▶ _PROBLEM REQUIREMENTS_
Quote all lines below exactly. Images stay out.

▶ _INFORMATION SHOWN_
= Beginning of Section =
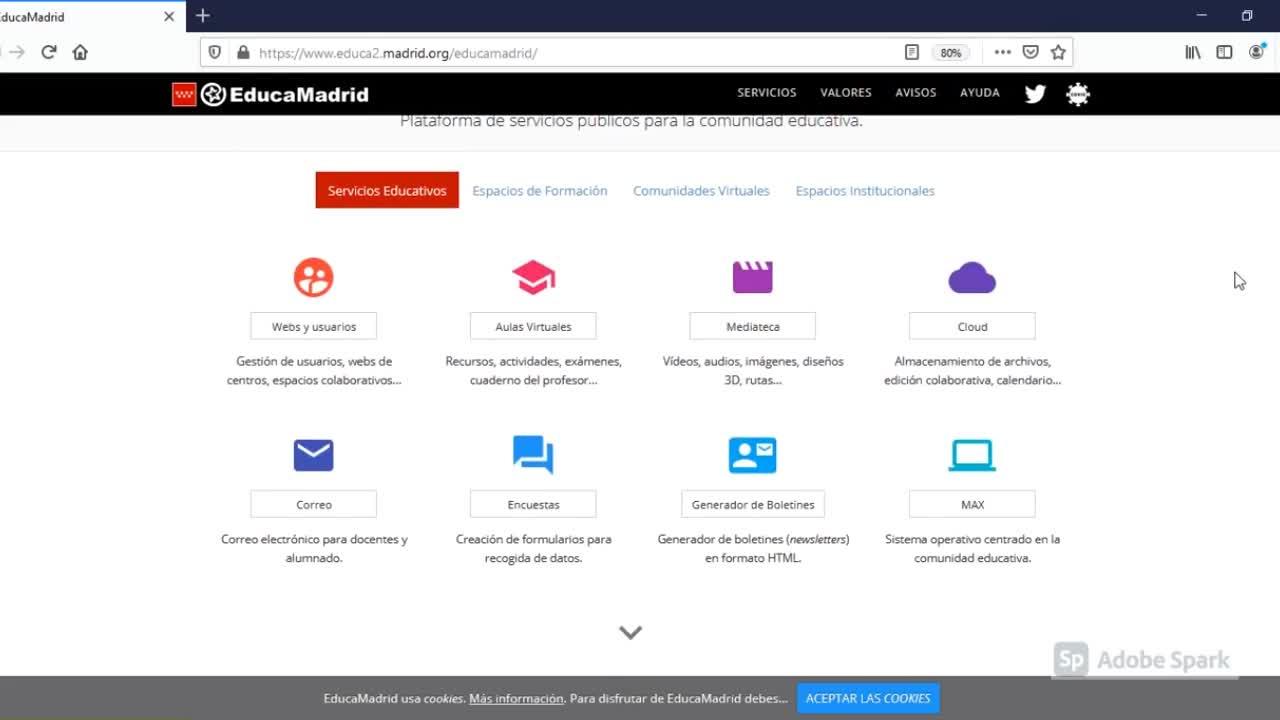 En este caso vamos a centrar en este vídeo en Web y Usuarios, Cloud y Correo de EducaMadrid.
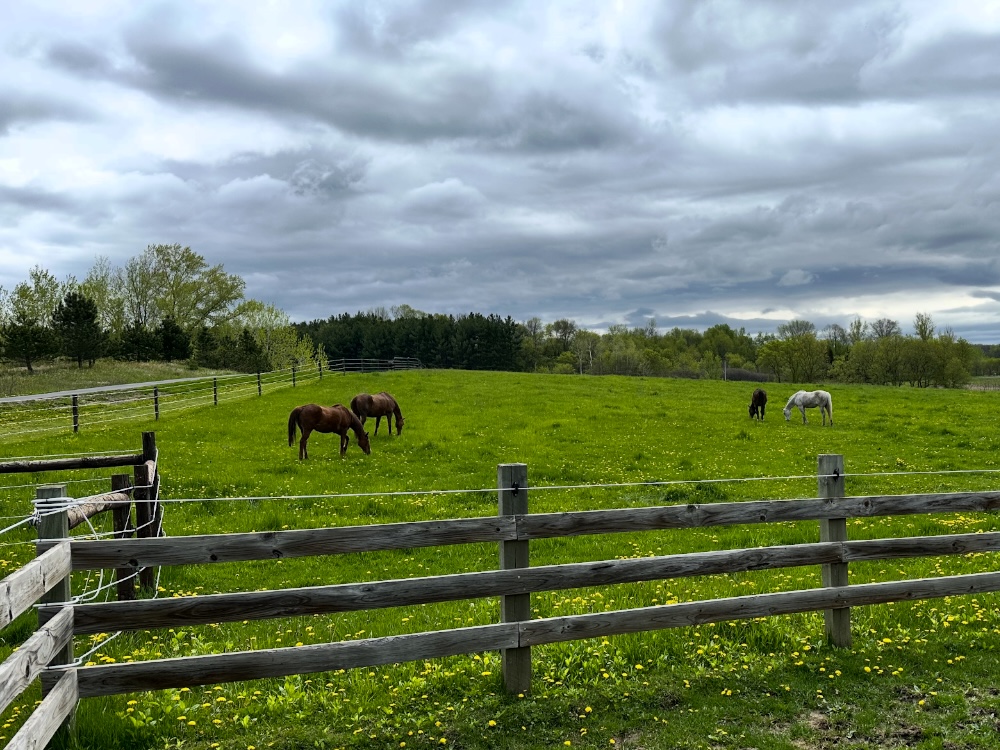 In April, three years ago, the four thoroughbred mares arrived at Wintervale. At the time, we didn’t know if they would stay any longer than the summer grazing season. The fact that we are transitioning them onto green grass again for the fourth year makes it pretty clear we settled into keeping them here year-round. At this point, I dream of them never needing to ride in a trailer again.
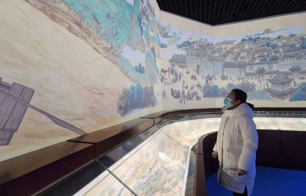 步入这座楼阁式建筑的第二层,一幅手绘“万里茶道”映入眼帘,灯光照拂的画卷上,马嘶驼铃响,市井街道上,百姓称茶送茶,晋商马帮鱼贯而上,房屋、桥梁、船只、山峦,颇有清明上河图的美感。游客还可触及下方的“提示按钮”,文字介绍就会跃然画卷上。
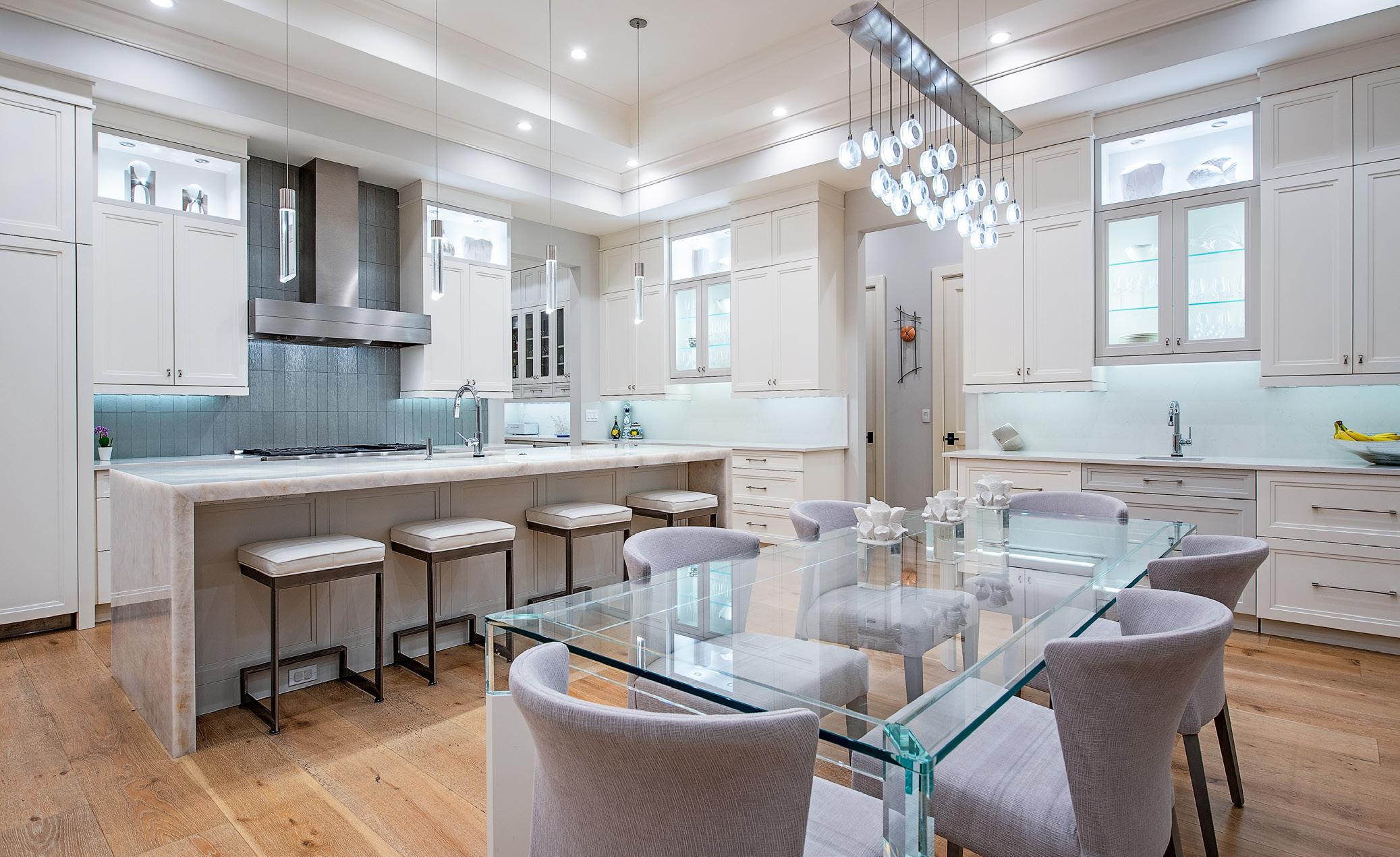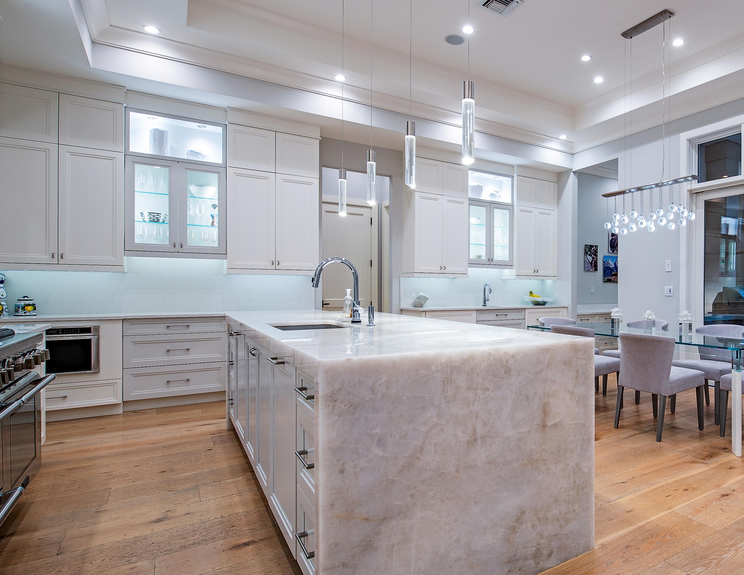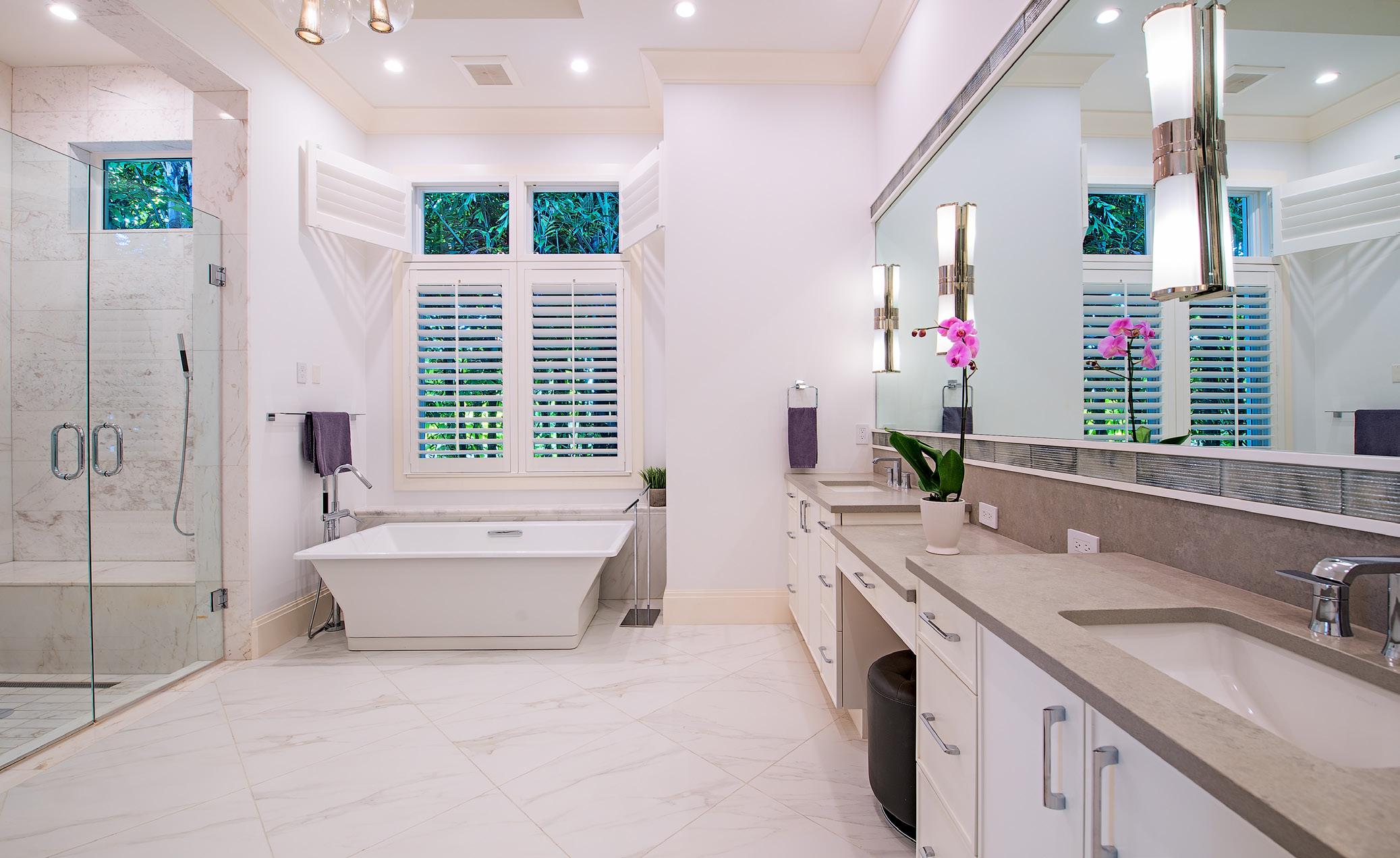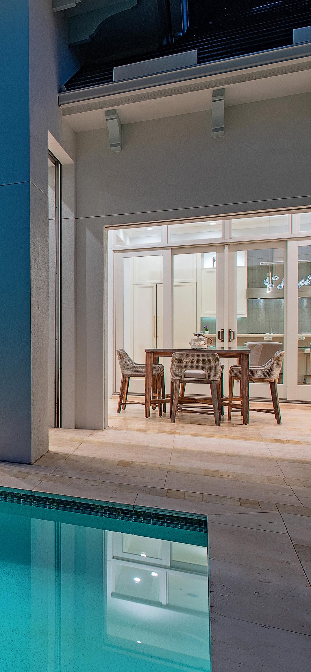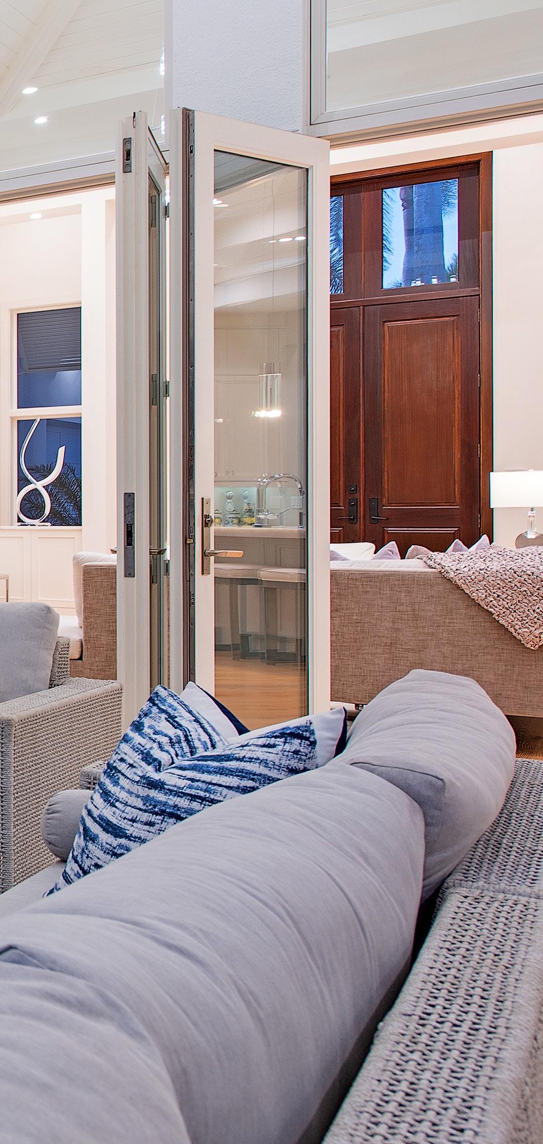 This beautiful home located west of Crayton Road features preferred southern exposure for sun on the pool and is a very short distance to the Moorings private beach and the Moorings Country Club. Professionally designed and furnished by Koastal Design Group in a contemporary beach style, the residence offers effortless living in a comfortable setting. Highlights include five ensuite bedrooms, six bathrooms, and a large, covered lanai that spills out onto the expansive pool deck. A wonderful gourmet kitchen features a gas cooktop, two dishwashers, two wine coolers, refrigerated drawers, and a butler’s pantry, with a breakfast room and large island. A double front door entry opens to a living area with high vaulted ceilings and pocketing glass sliders that fill the space with natural light. The covered lanai is thoughtfully appointed with a summer kitchen and fireplace and extends to the heated saltwater pool and spa. Inspired details include wide plank white oak floors, beadboard ceiling treatments, soft stone countertops, and large windows overlooking lush tropical landscaping. Additional features include a split 3-car garage, Andersen impact windows, and high elevation. Furnished.
= End of Section =
▶ _SOLUTION TO THE PROBLEM_
 En este caso vamos a centrar en este vídeo en Web y Usuarios, Cloud y Correo de EducaMadrid.
 In April, three years ago, the four thoroughbred mares arrived at Wintervale. At the time, we didn’t know if they would stay any longer than the summer grazing season. The fact that we are transitioning them onto green grass again for the fourth year makes it pretty clear we settled into keeping them here year-round. At this point, I dream of them never needing to ride in a trailer again.
 步入这座楼阁式建筑的第二层,一幅手绘“万里茶道”映入眼帘,灯光照拂的画卷上,马嘶驼铃响,市井街道上,百姓称茶送茶,晋商马帮鱼贯而上,房屋、桥梁、船只、山峦,颇有清明上河图的美感。游客还可触及下方的“提示按钮”,文字介绍就会跃然画卷上。
 This beautiful home located west of Crayton Road features preferred southern exposure for sun on the pool and is a very short distance to the Moorings private beach and the Moorings Country Club. Professionally designed and furnished by Koastal Design Group in a contemporary beach style, the residence offers effortless living in a comfortable setting. Highlights include five ensuite bedrooms, six bathrooms, and a large, covered lanai that spills out onto the expansive pool deck. A wonderful gourmet kitchen features a gas cooktop, two dishwashers, two wine coolers, refrigerated drawers, and a butler’s pantry, with a breakfast room and large island. A double front door entry opens to a living area with high vaulted ceilings and pocketing glass sliders that fill the space with natural light. The covered lanai is thoughtfully appointed with a summer kitchen and fireplace and extends to the heated saltwater pool and spa. Inspired details include wide plank white oak floors, beadboard ceiling treatments, soft stone countertops, and large windows overlooking lush tropical landscaping. Additional features include a split 3-car garage, Andersen impact windows, and high elevation. Furnished.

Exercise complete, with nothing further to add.